> _Data provided_:
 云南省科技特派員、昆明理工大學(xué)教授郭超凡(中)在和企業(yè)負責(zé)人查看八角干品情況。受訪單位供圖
---
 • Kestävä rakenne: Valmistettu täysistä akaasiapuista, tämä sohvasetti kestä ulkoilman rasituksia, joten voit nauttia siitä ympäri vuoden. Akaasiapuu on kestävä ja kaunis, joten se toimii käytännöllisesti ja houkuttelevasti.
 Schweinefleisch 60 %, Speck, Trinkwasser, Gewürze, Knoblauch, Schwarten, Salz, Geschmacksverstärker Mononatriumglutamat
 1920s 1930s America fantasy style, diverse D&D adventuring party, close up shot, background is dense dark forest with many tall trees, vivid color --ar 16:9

> _Exercise details_:
Within the material above, extract exactly the lines that start at the line containing "Salz, Geschmacksverstärker Mononatriumglutamat" and stop after the line containing "1920s 1930s America", and only those.

> _Result for this exercise_:
 Schweinefleisch 60 %, Speck, Trinkwasser, Gewürze, Knoblauch, Schwarten, Salz, Geschmacksverstärker Mononatriumglutamat
 1920s 1930s America fantasy style, diverse D&D adventuring party, close up shot, background is dense dark forest with many tall trees, vivid color --ar 16:9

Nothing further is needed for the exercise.